Designing for a Low-Carbon Future
UX Research, UX Design
Brief Overview:
This was a project I worked on during my Masters at the University of Washington. I worked as the lead researcher and designer and designed a data-backed application that helps students lower carbon emissions by making informed transportation choices!
Sept 30th, 2022
“ Investigate, analyse, understand and work with your team to come up with a solution, a solution that could be a policy, an application, a physical product, just anything that works towards creating a Low-Carbon Future, 5 years in the future!”
This was the given prompt. Work on designing a solution that works towards creating a low carbon future.
But,
Thus, with this we got off to start the project!
Secondary Research:
We deep dived into understanding the greatest contributors to carbon emissions and wanted to find areas of consequence that we could actually impact with our work!
With this alarming discovery, we also focused on researching current solutions but, most solutions for carbon emission reduction focused on policy enforcement, and most climate change policy attention has been addressed to long-term options. It was not effective and achievable in the short term.

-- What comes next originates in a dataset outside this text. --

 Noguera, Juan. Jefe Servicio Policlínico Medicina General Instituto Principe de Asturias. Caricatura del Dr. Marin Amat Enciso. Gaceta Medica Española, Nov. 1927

Of all the behavioral changes mentioned, the ones related to transportation created the greatest impact in reducing carbon emissions! Thus, with data-backed insight into a specific problem space for lowering carbon emissions, we focused our
Problem Statement:
We now worked towards having a holistic understanding of the ecosystem as reaching an effective solution for most problems requires three faced understanding: Business, Technology, and Users.
With this in mind, we listed down the main stakeholders of the ecosystem.

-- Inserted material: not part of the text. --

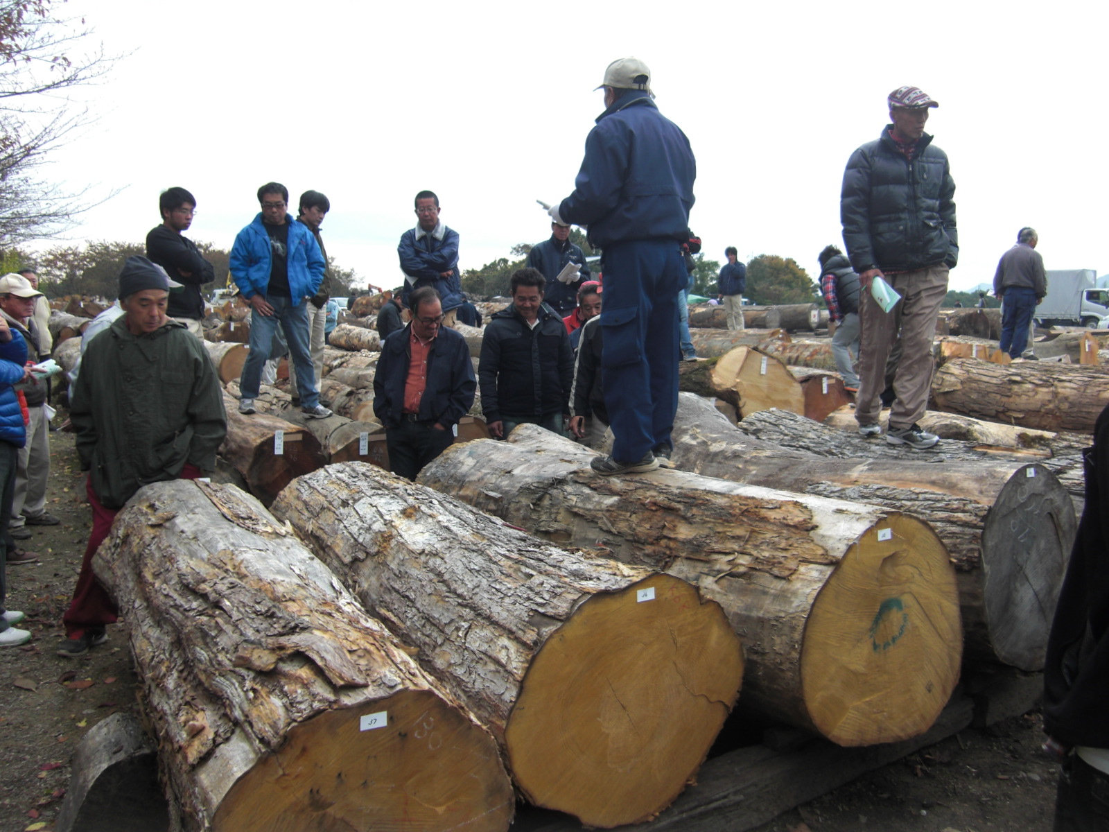 祈るような気持ちで組合で原木の切断…。

Find the Research references here:
https://www.epa.gov/greenvehicles/fast-facts-transportation-greenhouse-gas-emissions
https://www.epa.gov/ghgemissions/sources-greenhouse-gas-emissions#:~:text=The largest source of greenhouse,Greenhouse Gas Emissions and Sinks
https://www.pnas.org/doi/pdf/10.1073/pnas.0908738106
https://aaafoundation.org/wp-content/uploads/2018/02/18-0019_AAAFTS-ADS-Research-Brief.pdf
We then proceeded to understand our users better but ran into a major problem: the user base of our project was very extensive! Designing an application for a wide user base without the bandwidth for accurate research would lead to making a lot of assumptions and designing on wrong data. Thus, we re-focused our problem statement to a user group we had great access!
Final Problem Statement:
With an understanding of the ecosystem and the problem space, we defined multiple research questions and now proceeded to investigate and find out information to design!
Field observation validated some of our assumptions and led us to more unknowns. To answer those unknowns, we decided to draft a survey.
The survey aimed to confirm some of our found assumptions and also expand and explore some other questions that we had in mind.
Based on our research and insights, we analyzed data and triangulated a bunch of findings to list a set of requirements. Mentioned below are our top requirements:
● [User]Help students who do not own a car to find eco-friendly transportation methods that fit their schedule
● [User]Encourage students who own a car to choose eco-friendly transportation methods.
● [User]Let students who drive to understand the potential disadvantage that may happen regarding their transportation choices.
● [User]Estimate the time for different transportation methods
● [User]Should provide students with diverse transportation methods
● [User]Decrease the time students spend on finding different kinds of transportation
● [User]Decrease the time students spend on commuting using eco-friendly transportation
● [User]Flexible methods to help students change their schedules
To represent our user base and have a clear understanding of their needs and motivations we created two user personas to represent them.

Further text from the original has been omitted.